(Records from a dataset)
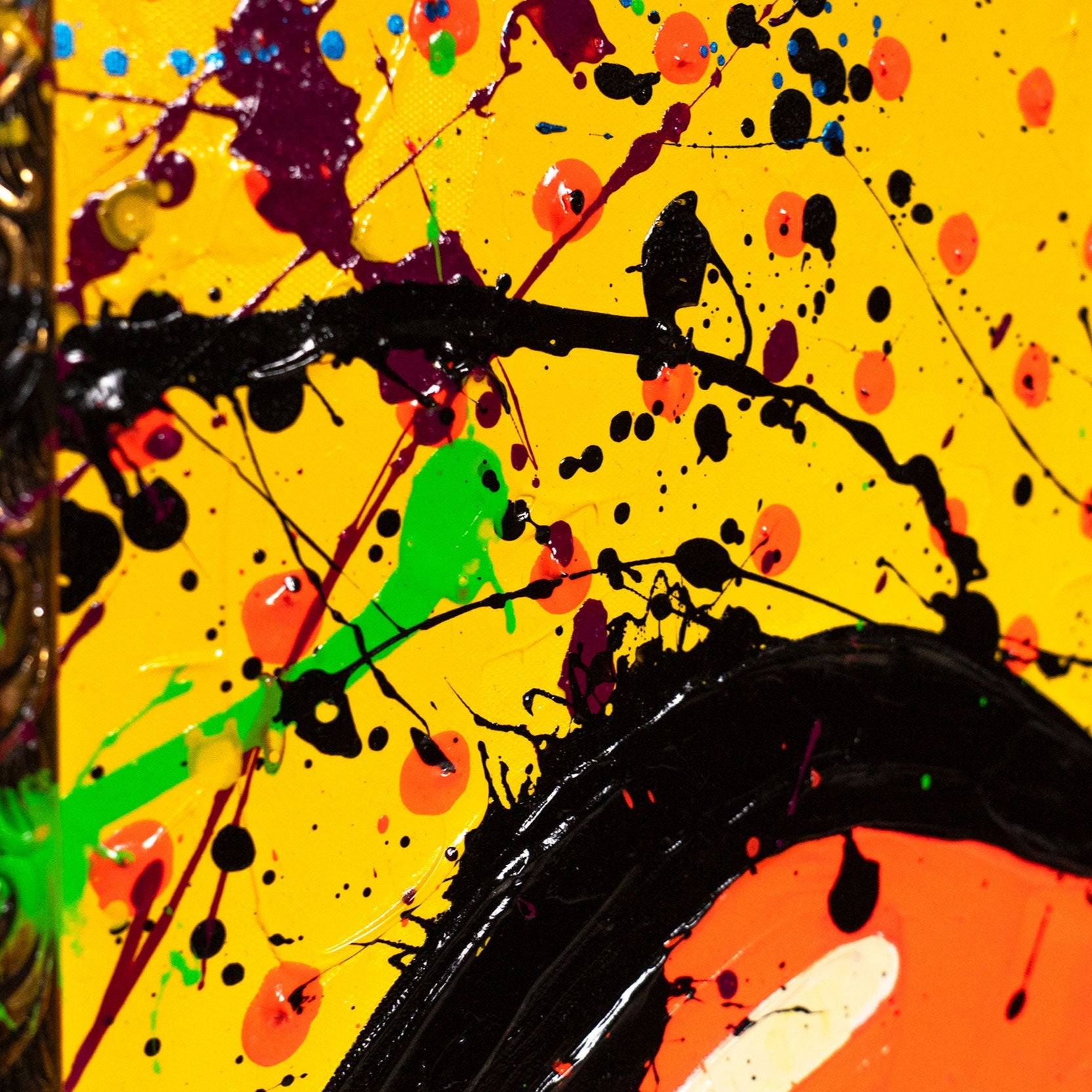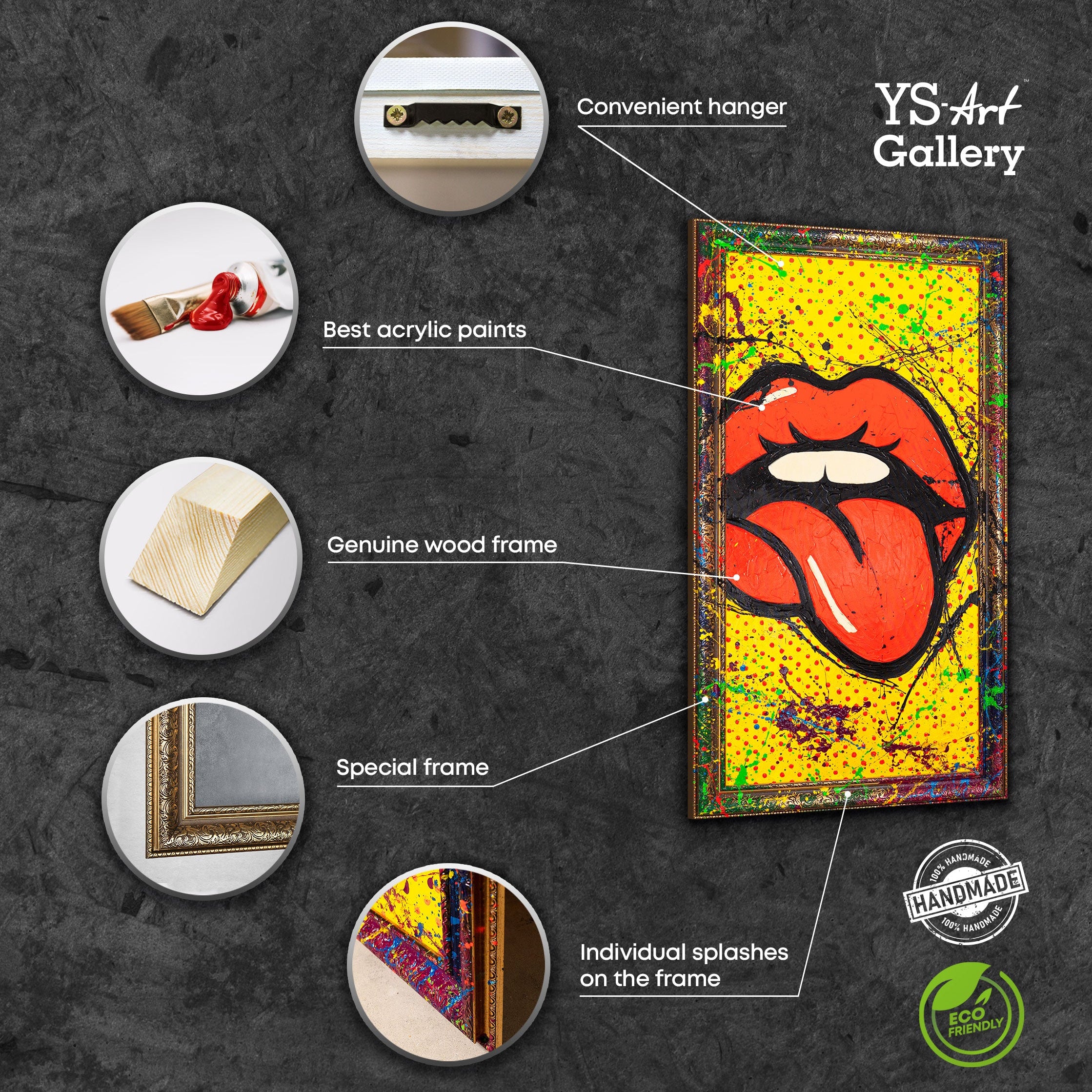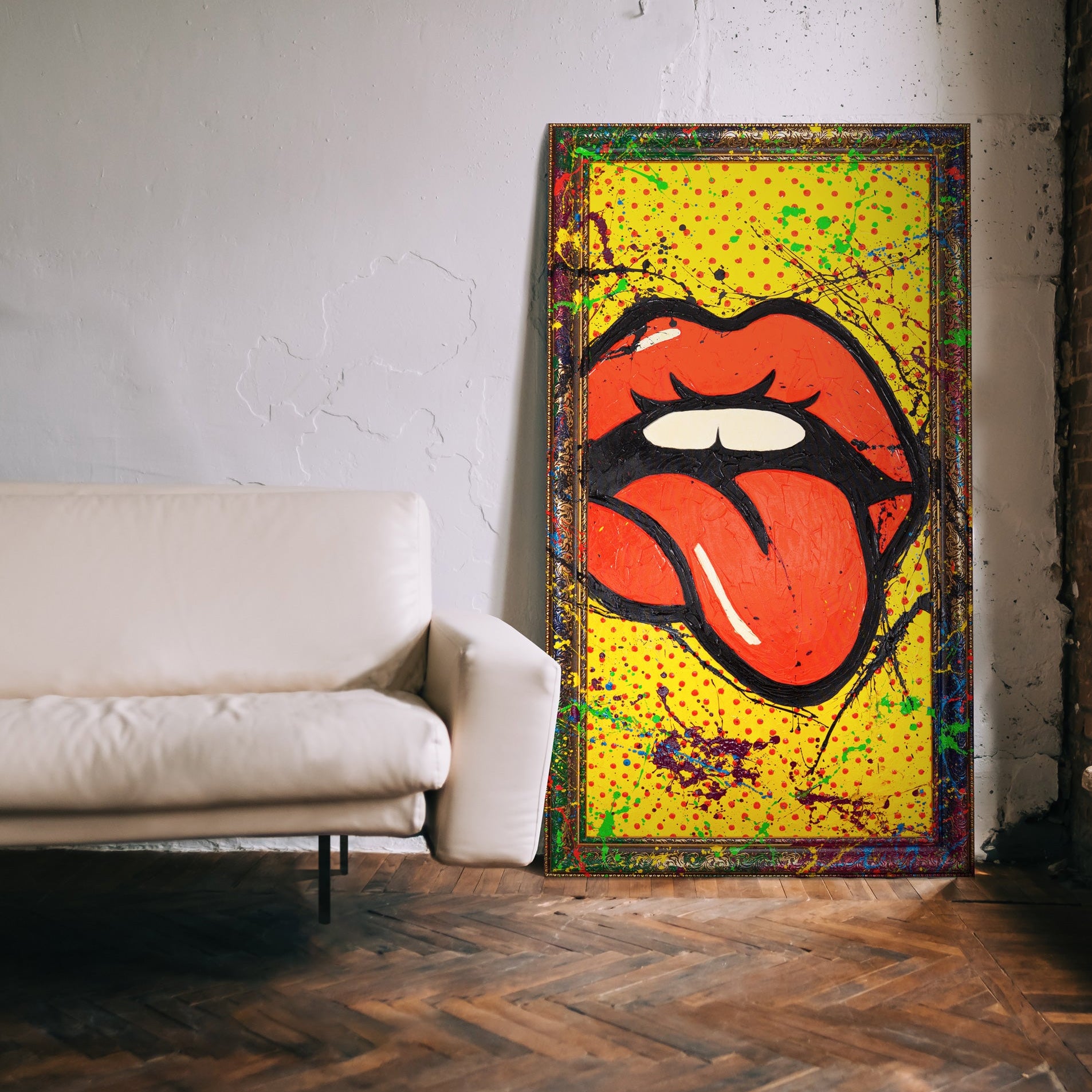 Handgemaltes Wandbilder Wohnzimmer – Abstrakte Kunst mit Pop-Art Mund „WOW“
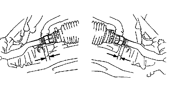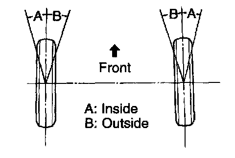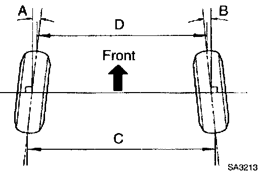 If the right and left wheel turning angles differ from the specified value, readjust the toe-in and wheel angle within the specified value. At this time, the right and left error lengths of the rack end may be less than 1.5 mm (0.059 inch).
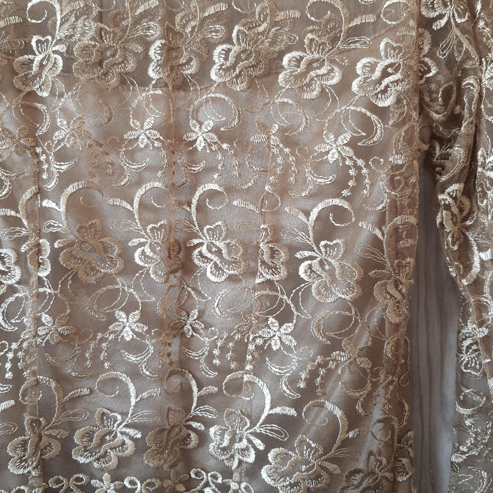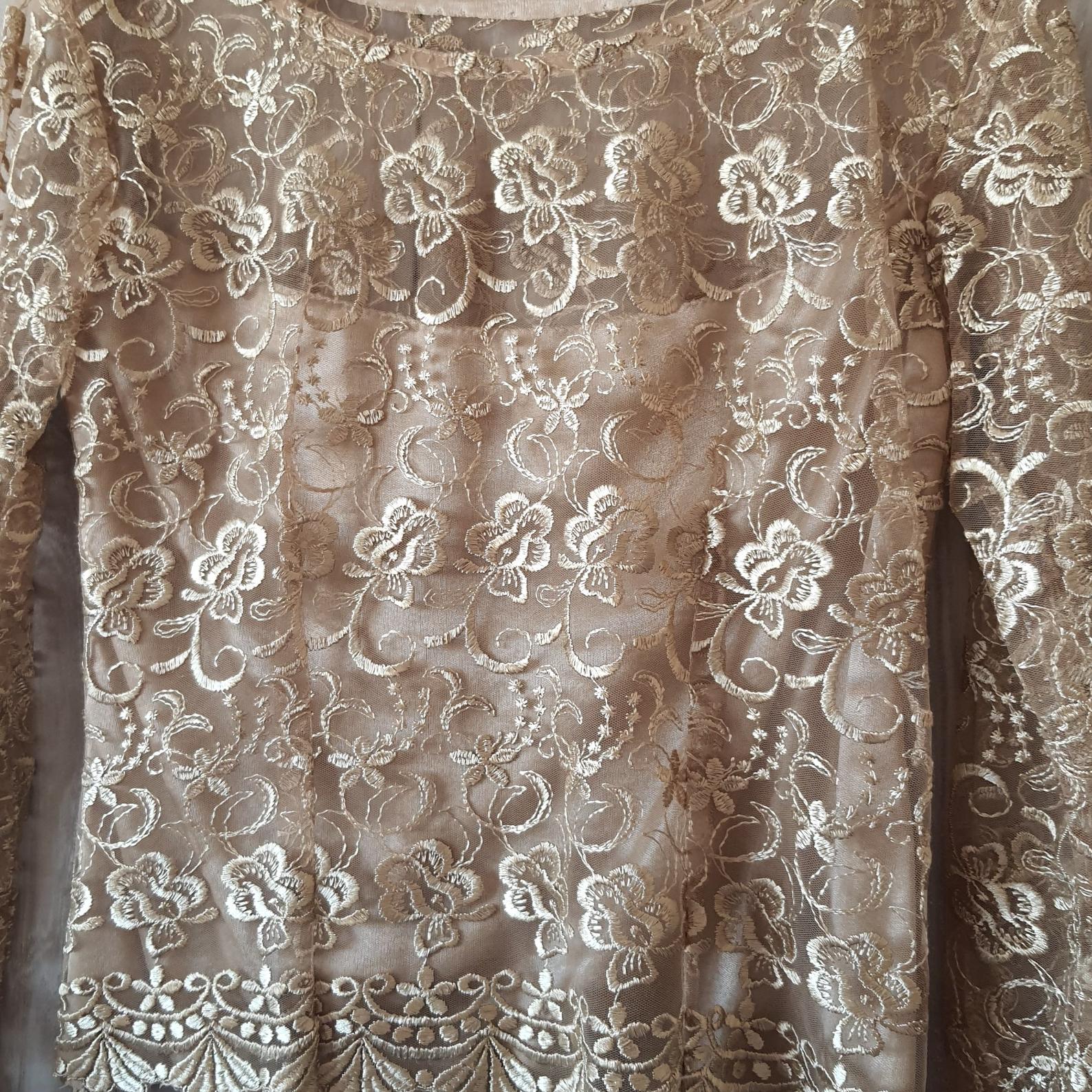 بلوز گیپور هندی یقه قایقی مناسب سایز 42تا44طلایی مزون دوزیکبار پوشیده شده آستردار
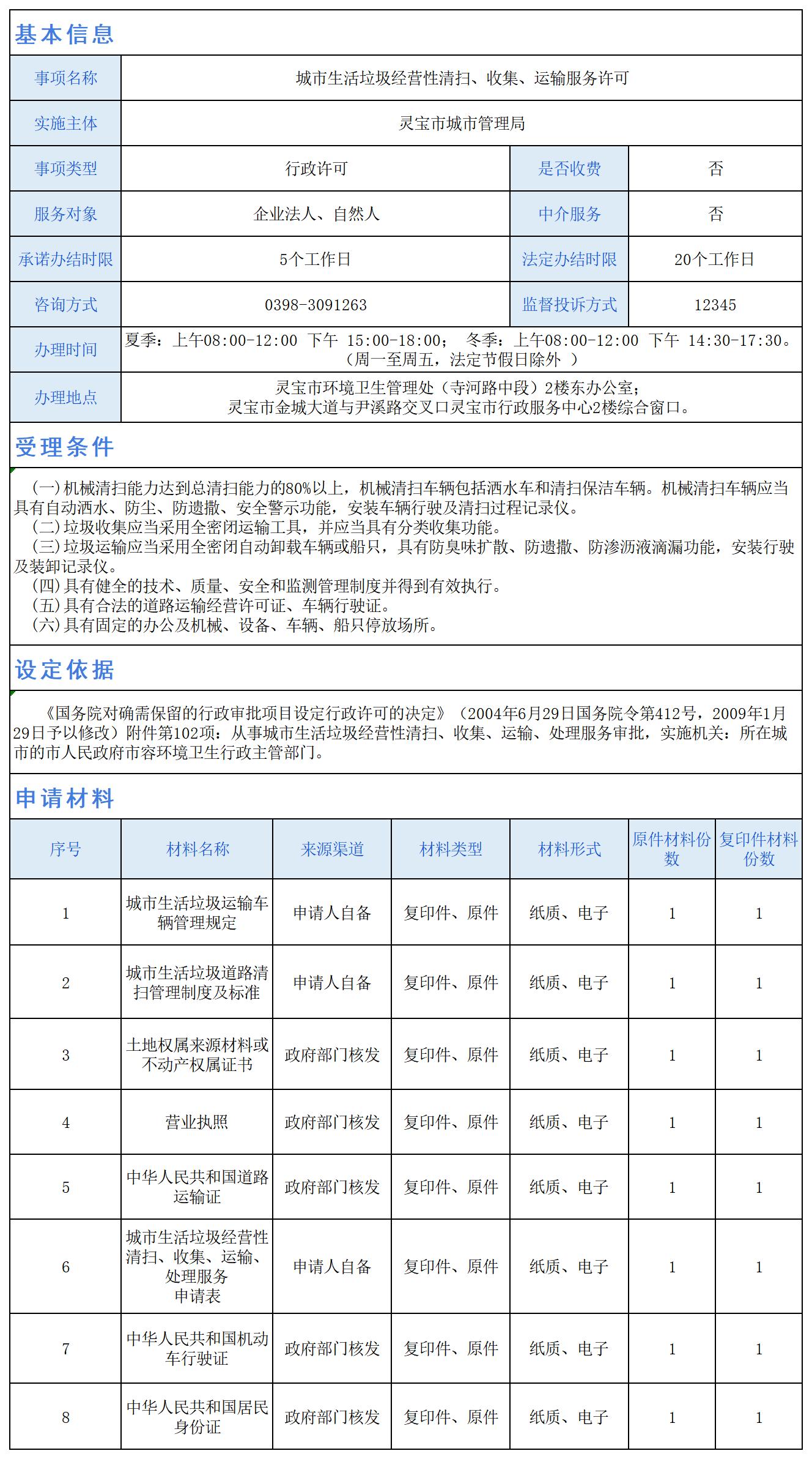 城市生活垃圾经营性清扫、收集、运输服务许可
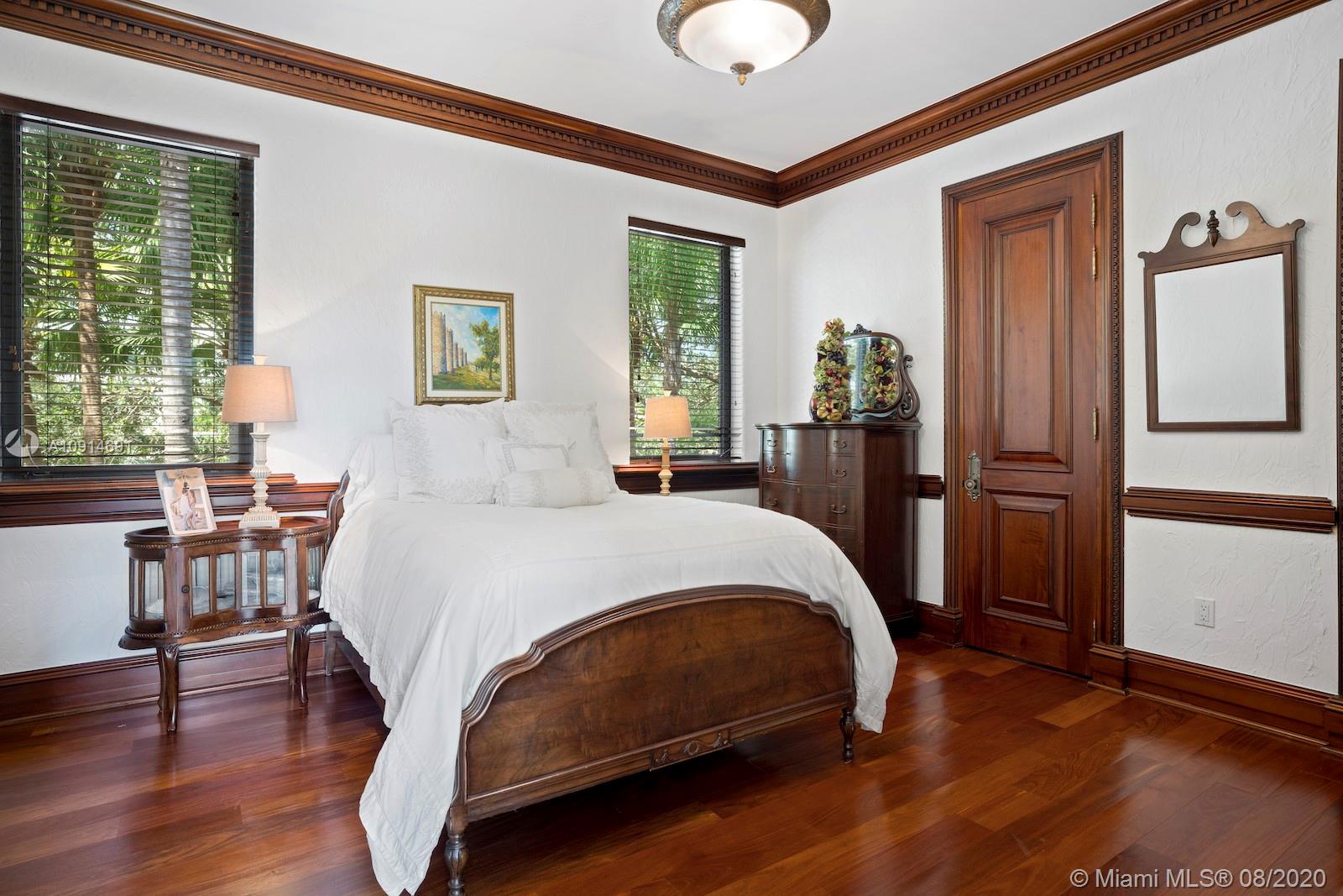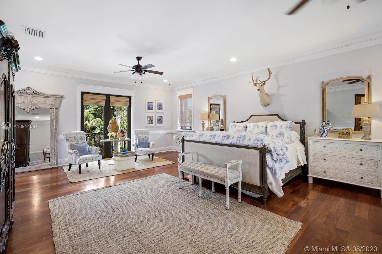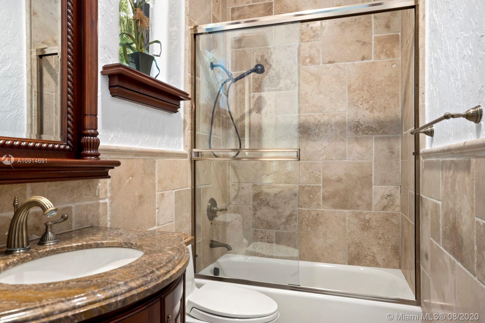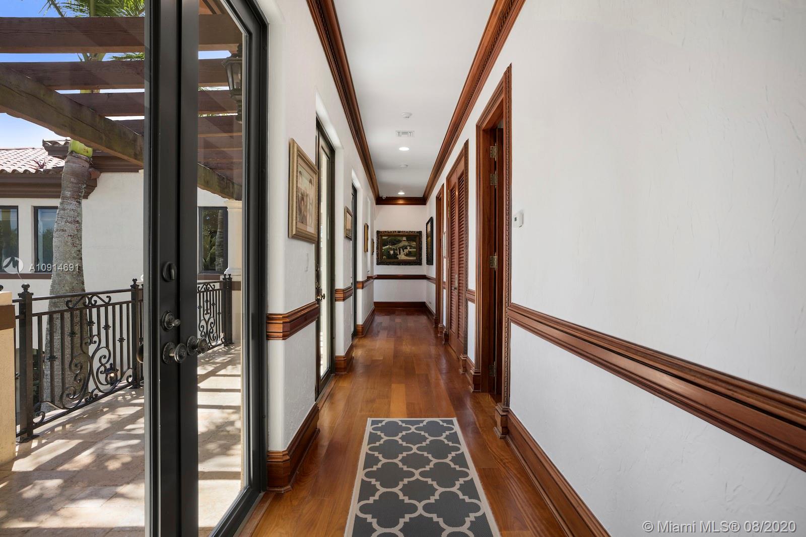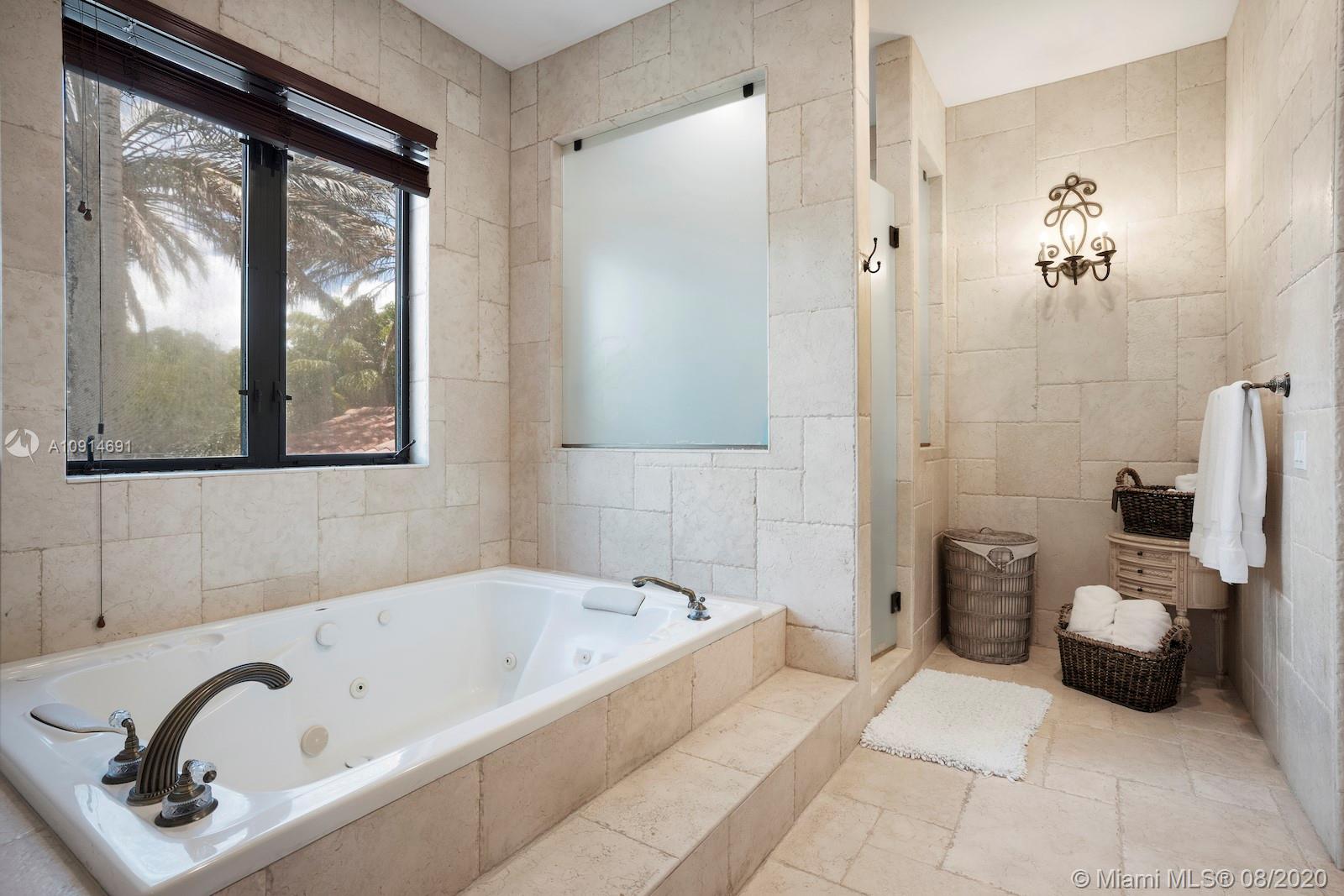 Prime corner home in Pinecrest, on nearly an acre lot. Stunning foyer entry & formal living room with high ceilings, glass doors letting in natural light & views of the Italian manicured garden & pool, a gas fireplace & built-in bar, a perfect setting for entertaining. The striking kitchen has double ovens, induction cooktop, large kitchen island, & elegant white marble with an eat-in counter & breakfast area. Master suite plus 3 ensuite beds on 2nd level, add’l room on 1st flr that could be a gym, office or in-law suite, with its own entrance. Serene backyard has summer kitchen, 2 covered areas, and sparkling pool with water feature.Gated front entry leads to motor court for guests, & the 2-car garage (room for lifts) at separate entrance around the corner. Generator. 1/2 court basketball

(TASK DESCRIPTION)
Provide the lines again, unchanged, from where the data above begins through the line containing "城市生活垃圾经营性清扫、收集、运输服务许可", both ends included, omitting pictures and adding nothing.

(SOLUTION FOR THIS TASK)
 Handgemaltes Wandbilder Wohnzimmer – Abstrakte Kunst mit Pop-Art Mund „WOW“
 If the right and left wheel turning angles differ from the specified value, readjust the toe-in and wheel angle within the specified value. At this time, the right and left error lengths of the rack end may be less than 1.5 mm (0.059 inch).
 بلوز گیپور هندی یقه قایقی مناسب سایز 42تا44طلایی مزون دوزیکبار پوشیده شده آستردار
 城市生活垃圾经营性清扫、收集、运输服务许可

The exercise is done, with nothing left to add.